We don’t always get what we deserve but we do deserve to enjoy life

Almost 40 years ago, my friend T asked me to tell her when she shouldn’t be wearing a bikini anymore.
A few years after she made that request, I moved away. This was before the internet and cellphones, so we lost track of each other for a while.
Last week, I saw T for the first time in almost 30 years.
She is as beautiful to me as she was on the day I met her.
I saw another long-time friend last weekend. I hugged her and said, “You are gorgeous! You have not aged!”
She laughed and said that oh yes she has indeed aged.
And I realized that I had internalized the whole “Beauty=youth” narrative.
My friend was beautiful 40 years ago and she’s beautiful now. Age is not incompatible with beauty.
I used to look critically at older women who let their flabby upper arms show by wearing sleeveless shirts. That was when I had the gift of youth and thought that an imperfect, no longer firm body was a sign of – what? Of not caring enough? Of not exercising enough? Of some kind of moral failure?
Yeah I was dumb but aren’t we all kind of dumb when we’re 20 and everything is still tight and smooth?
Cover those arms! I thought.
Oh Lord I was an idiot.
I am seeing people get the faces they deserve now. My friends are beautiful beautiful beautiful.
My enemies – people who have done mean things to me and to others – not so much. At a reunion, I saw a man – former boyfriend? former gaslighter? – not sure what the right word is for the man who treated you so badly that you ended up going to therapy. (Which to be fair I did need anyway, so I guess thank you horrible man.)
Gaslighting Guy looks awful. Like he looks so bad that other people who didn’t even know how awful he was to me were asking what the heck. He’s super skinny, which could be because of illness, so that’s not the issue. I am not commenting on his body.
I am commenting on his choices – his hair goes halfway down his back, but it’s long and straggly and unwashed. His pants were a few sizes too big and were cinched around his waist. (He does have steady very good employment so I’m not sure what’s going on with the clothes.)

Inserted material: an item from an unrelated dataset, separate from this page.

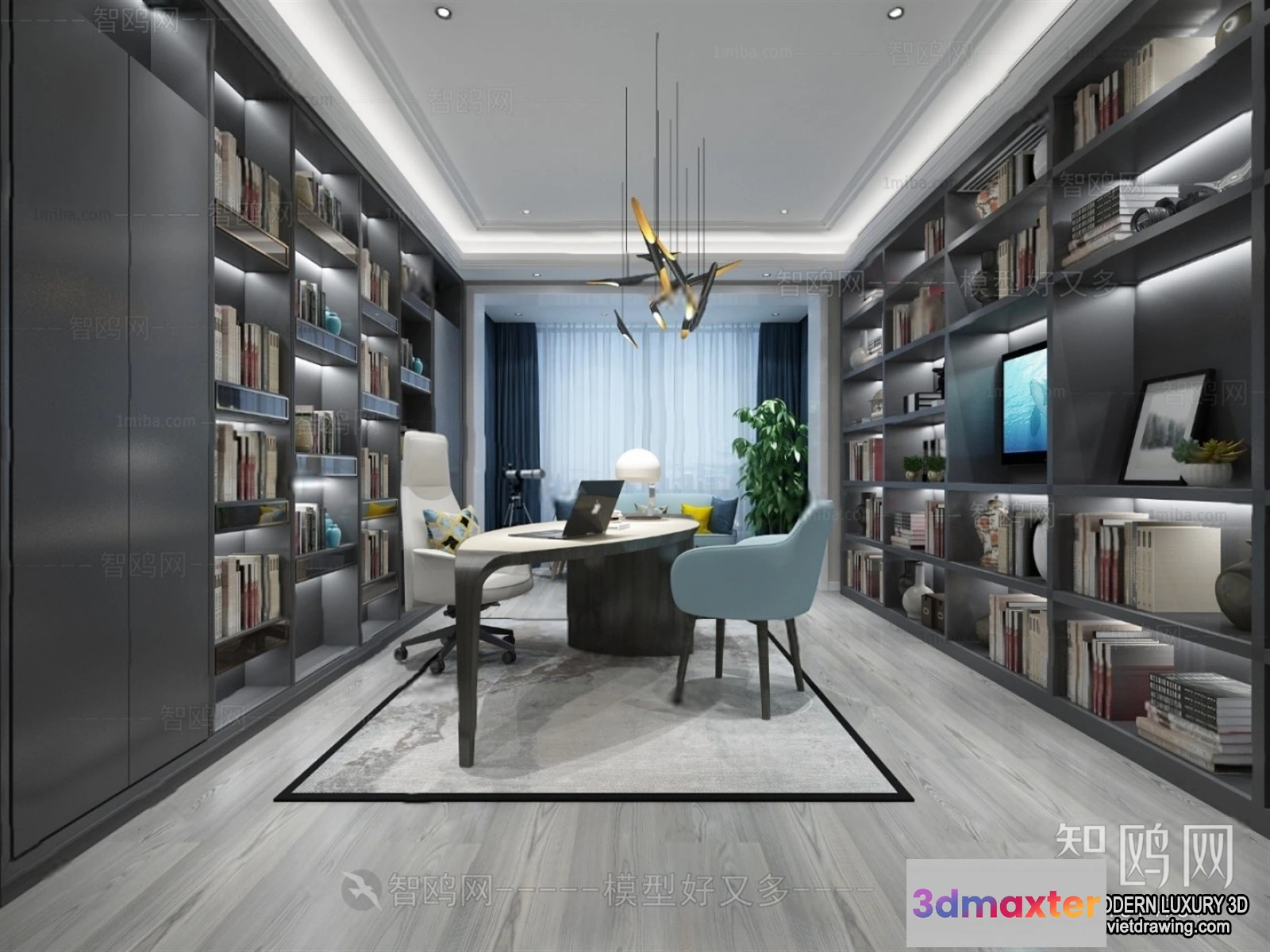 Study and Work Space – 3D Interior Scene – Luxury Style – 014 3D Max

I do feel a little bit mean talking about him like this but not enough that I won’t mention him, not just because I am petty but also because I want to share the poem my super-talented friend Karen, a retired professor of engineering who has started writing poetry and writing it very very well, wrote about him.
Reunion
How appropriate
You aged like you treated me
Rather terribly
At the same reunion where I saw Gaslighting Guy, I saw a guy – Good Guy – I had not treated well in college. I have since apologized to him – I was very unfair to him and it weighed on me for decades. (I was nowhere as mean to him as Gaslighting Guy was to me! I promise!)
I was very grateful that when I saw him 15 years ago, he not only talked to me but he accepted my apology.
Good Guy looks great! He has gotten better looking over the years. And he deserves it. He seems to be genuinely kind and is definitely a warm, gracious person.
Wear the bikini, T. I am never ever ever going to tell you not to wear the bikini. Wear the bikini.